Linear Transformers as FWP

Paper | Code

Introduction

The concept of fast weight programmers (FWP) is introduced in this paper.

The idea is to use a slow network to program by gradient descent the weights of a fast network. FWP learn to pmanipulate the content of a finite memory and dynamically interact with it.

Linear transformers have constant memory size and time complexity linear which depends on the sequence length. The time complexity is reduced thanks to the linearization of the self-attention layer and softmax operation.

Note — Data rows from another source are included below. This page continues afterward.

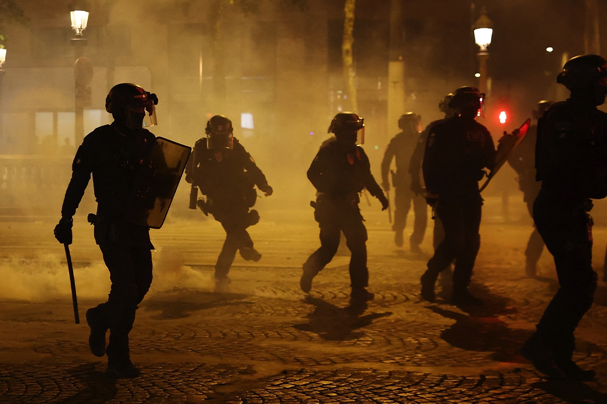 وقالت الشرطة في بيان «كان مثيرو الشغب في الشانزليزيه يسعون إلى إثارة حوادث واشتبكوا مراراً مع الشرطة بإلقاء ألعاب نارية كبيرة وأشياء أخرى».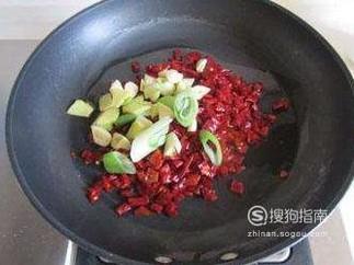锅中放入食用油,油热后,放入葱和辣椒,炝出香味和辣味。
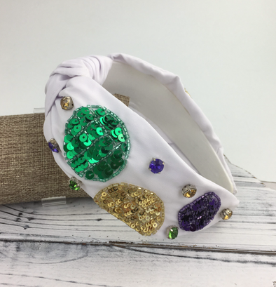 White Mardi Gras Sequin And Stone Knot Headband
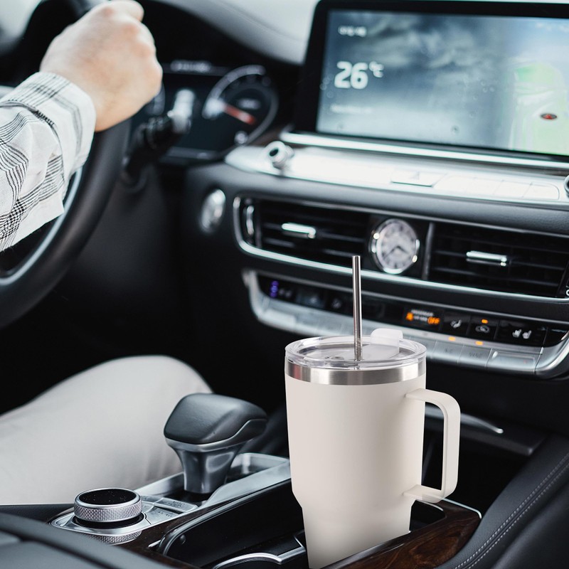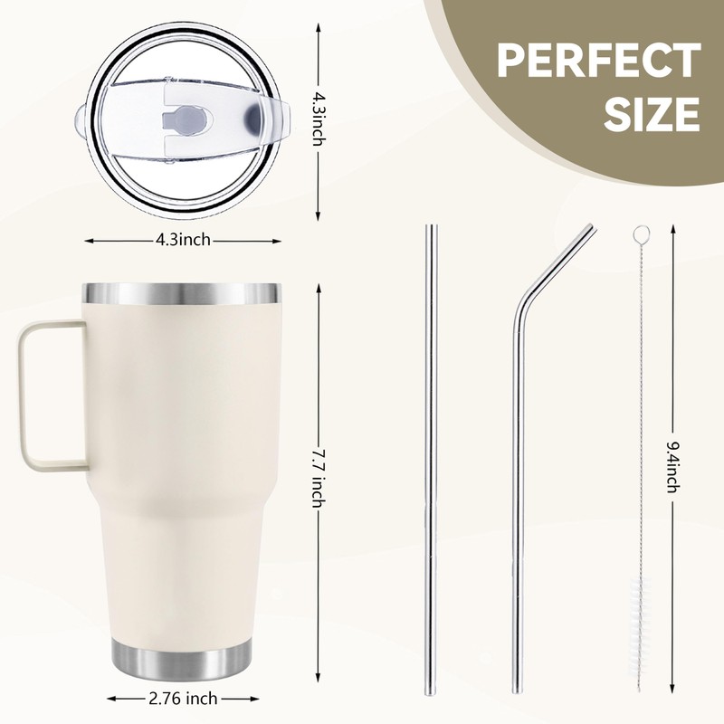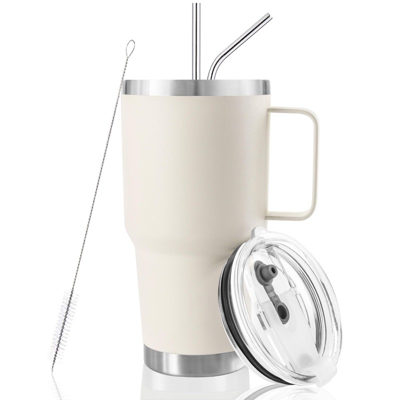 DYNAMIC SE 30 oz Cream Tumbler With Handle, Double Wall Stainless Steel Vacuum Insulated Travel Mug with Splash-Proof Lid Metal Straw and Brush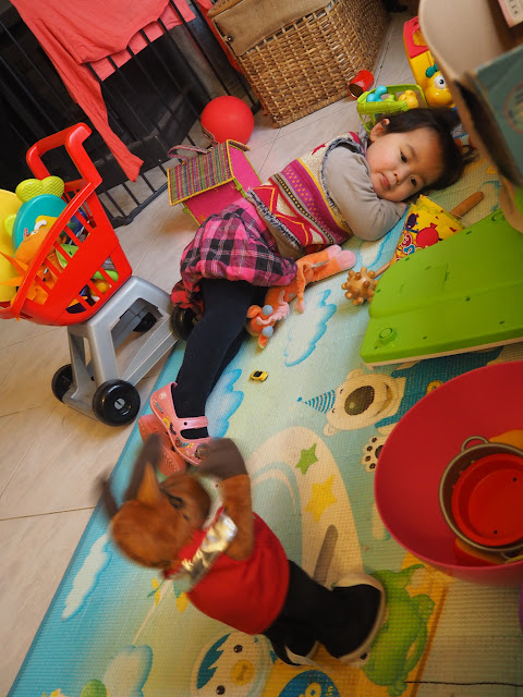 結果這兩歲半的小妞自己躲在角落邊玩邊掉淚,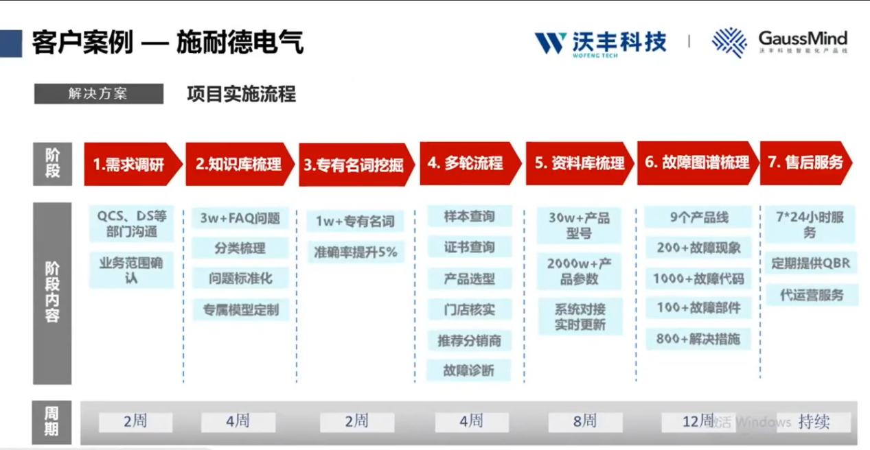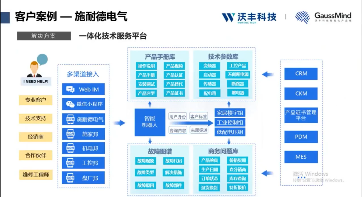 沃豐科技助力施耐德電氣在知識問答、故障排除等應用場景實現了文本機器人高解決率和高匹配率的全渠道客戶服務。沃豐科技基于自研的“原心引擎”AIGC大模型,打造“GaussMind”AI場景落地應用,針對施耐德電氣的實際業務流程,定制化推出“SG工單系統+KCS知識庫+FMEA知識圖譜”的制造業維修場景智能化解決方案。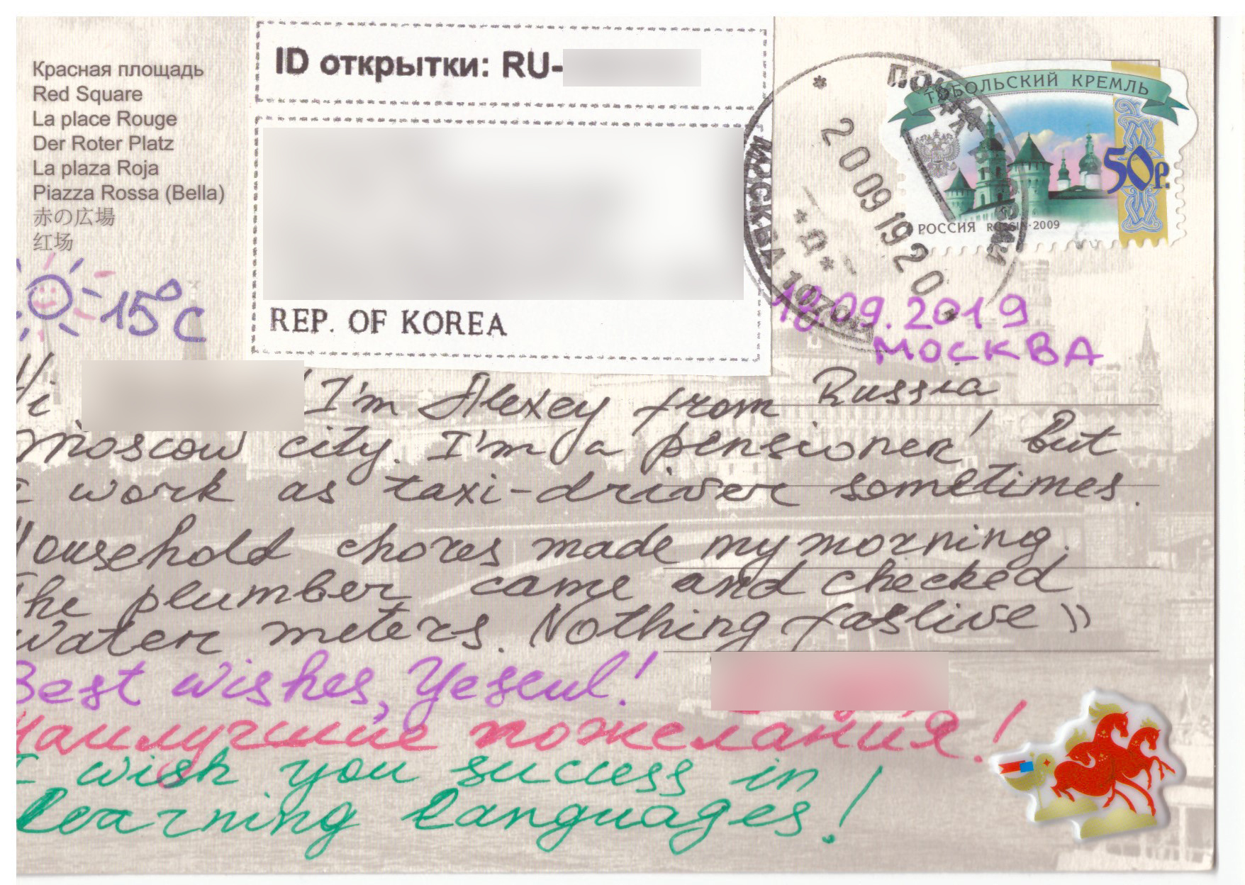 여태까지 받은 모든 러시아 엽서 중에서 가장 마음에 든다.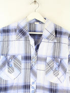 Vintage Freizeit Hemd in Größe M. Es ist aus Baumwolle gemacht und in Blau lieferbar.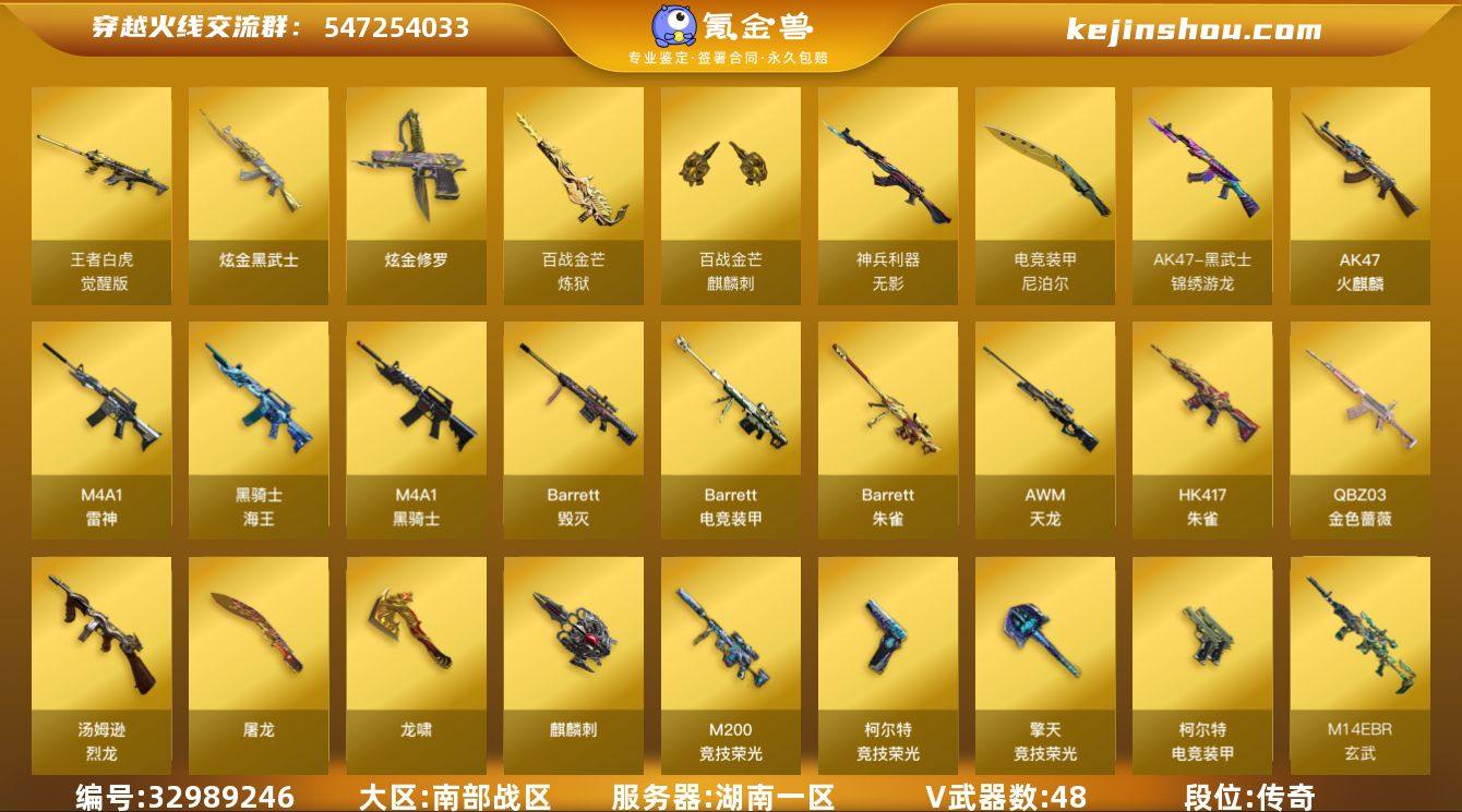 湖南一区-51V-1王者武器数-2炫金武器数 【热门武器】:QBZ03-金色蔷薇,M14EBR-玄武,HK417-朱雀*2,M4A1-青龙,M200-竞技荣光,M4A1-黑骑士,汤姆逊-烈龙,USP-雷暴 【王者炫金武器】:炫金武士,炫金修罗 【音效卡】:M4A1-黑骑士音效卡,炼狱-百战金芒-庆典舞曲音效卡 【皮肤】:雷神-暗月,雷神-机甲刑天皮肤,雷神-源计划2.0专属 皮肤,M4A1-再燃火线,火麒麟-雷神,火麒麟-平天大圣*2,火麒麟-心动糖果,毁灭-青帝,黑骑士-暗月,战神-紫绶金章皮肤,轻型军用手斧-再燃火线 【角色】:魅影,电竞教官-云悠悠,乔伊教练,修道士,空,暗夜-X,初恋灵狐,飞虎队-X,风暴女,嘉年华灵狐,兰-新年限定,曼陀罗-X,邱刚敖,斯沃特-X,蜀雪,新娜塔莎,雪莉杨,樱-战斗天使,影武者-X 【人偶武器】:天龙-曼陀罗,火麒麟-灵狐,M4A1-雷神-精英刀锋,AWM-灵狐-15周年嘉年华,M37-葵,夺魂,生化手雷-机甲核心,Barrett-夜玫瑰,M200-夜玫瑰 【暴走生化】:超级对讲机 【挑战大师】:冰龙粉碎者-白马银枪,激光毁灭者III-白马银枪,神圣爆裂者-末日III 【英雄级武器】:AK47-火麒麟*2,M4A1-雷神*2,M4A1-黑骑士,M4A1-青龙,HK417-朱雀*2,M14EBR-玄武,无影-神兵利器,黑武士-...

Linear Transformers as FWP

In normal neural networks, the weights are fixed and the input is manipulated, while the activation is input dependant and can change at inference time. The idea of FWP is also have the weights variable and input dependent (synaptic modulation).

  • Context-dependent -> slow weights
  • Context-independent -> fast weights

The process revolves around a slow network which is trained to program the weights of the fast network. This makes the fast weights dependent on the spatio-temporal context of the input stream.

Which instructions to use? Outer product:

\( a^{(i)}, b^{(i)} = W_ax^{(i)}, W_bx^{(i)} \) \( W^{(i)} = \sigma (W^{(i-1) + a^{(i)} \oplus b^{(i)}}) \) \( y^{(i)} = W^{(i)} x^{(i)} \)

The outer product is \( \oplus \), \sigma is the activation function, W_a and W_b are the trainable slow weights, while W is the fast weight matrix.

Linearizing self-attention

Instead of removing the softmax, prior works have introduced techniques for linearizing the softmax. This improves the computational efficiency of the self-attention layer for long sequences.

An important term is the softmax kernel \( \kappa(k, q) = exp(k \dot q) \), which in linear self-attention is approximated by another kernel \( \kappa'(k, q) = \phi(k)^T \phi(q) \).

Since the embedding space for keys is limited, there is only room for d orthogonal vectors. If the length of the sequence is larger than d, th model might be in a overcapacity regime. In this case the model should dynamically interact with the memory content and determine which association to remember and which one to forget. On the other hand, the standard transformer stores associations as immutable pairs, increasing its memory requirements.